**Information**

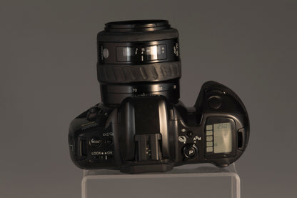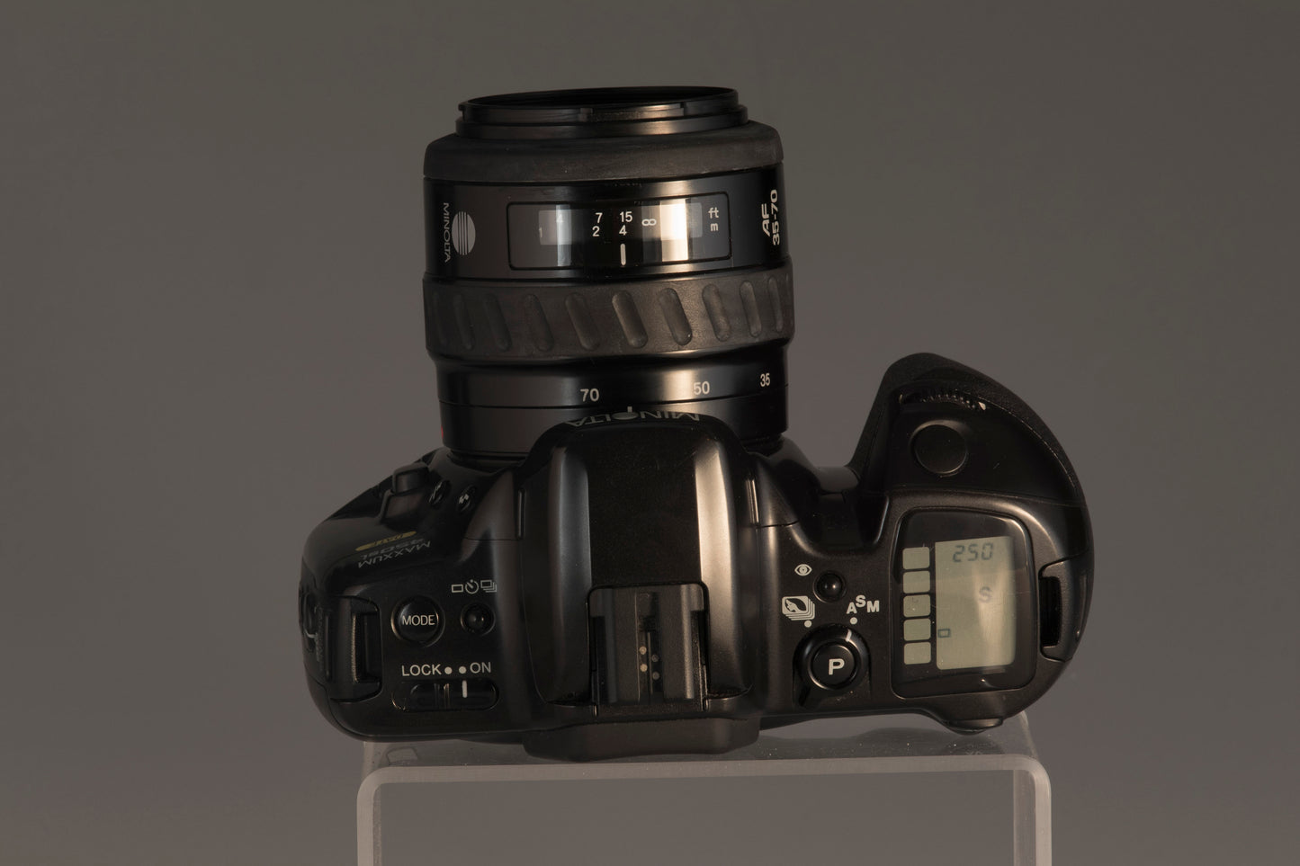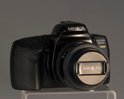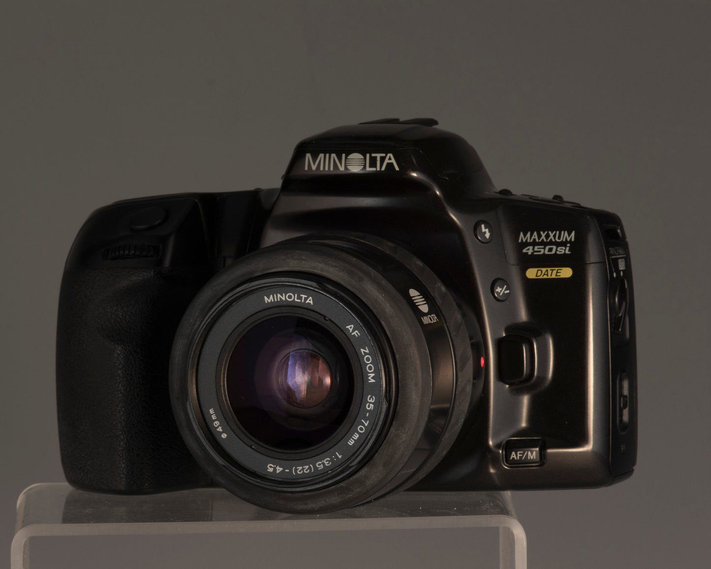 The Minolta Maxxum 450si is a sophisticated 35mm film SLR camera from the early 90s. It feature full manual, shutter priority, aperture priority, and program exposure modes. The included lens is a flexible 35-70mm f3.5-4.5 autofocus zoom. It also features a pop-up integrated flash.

---

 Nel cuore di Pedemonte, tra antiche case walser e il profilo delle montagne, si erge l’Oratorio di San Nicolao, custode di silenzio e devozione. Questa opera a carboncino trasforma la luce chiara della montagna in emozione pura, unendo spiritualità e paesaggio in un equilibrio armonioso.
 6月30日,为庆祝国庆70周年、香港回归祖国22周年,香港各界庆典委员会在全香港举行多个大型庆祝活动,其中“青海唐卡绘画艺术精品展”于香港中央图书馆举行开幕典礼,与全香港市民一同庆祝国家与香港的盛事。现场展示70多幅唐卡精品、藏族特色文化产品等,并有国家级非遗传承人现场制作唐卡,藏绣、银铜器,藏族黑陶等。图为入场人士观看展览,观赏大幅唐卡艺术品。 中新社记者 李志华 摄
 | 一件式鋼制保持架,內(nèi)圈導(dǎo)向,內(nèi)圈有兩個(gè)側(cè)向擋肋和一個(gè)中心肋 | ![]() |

**Description of the task**
Once you find the line with "Nel cuore di" above, print it and every line after it up to and including the line with "一件式鋼制保持架,內(nèi)圈導(dǎo)向,內(nèi)圈有兩個(gè)側(cè)向擋肋和一個(gè)中心肋 | ![]()", exactly as written and nothing else.

**Answer space**
 Nel cuore di Pedemonte, tra antiche case walser e il profilo delle montagne, si erge l’Oratorio di San Nicolao, custode di silenzio e devozione. Questa opera a carboncino trasforma la luce chiara della montagna in emozione pura, unendo spiritualità e paesaggio in un equilibrio armonioso.
 6月30日,为庆祝国庆70周年、香港回归祖国22周年,香港各界庆典委员会在全香港举行多个大型庆祝活动,其中“青海唐卡绘画艺术精品展”于香港中央图书馆举行开幕典礼,与全香港市民一同庆祝国家与香港的盛事。现场展示70多幅唐卡精品、藏族特色文化产品等,并有国家级非遗传承人现场制作唐卡,藏绣、银铜器,藏族黑陶等。图为入场人士观看展览,观赏大幅唐卡艺术品。 中新社记者 李志华 摄
 | 一件式鋼制保持架,內(nèi)圈導(dǎo)向,內(nèi)圈有兩個(gè)側(cè)向擋肋和一個(gè)中心肋 | ![]() |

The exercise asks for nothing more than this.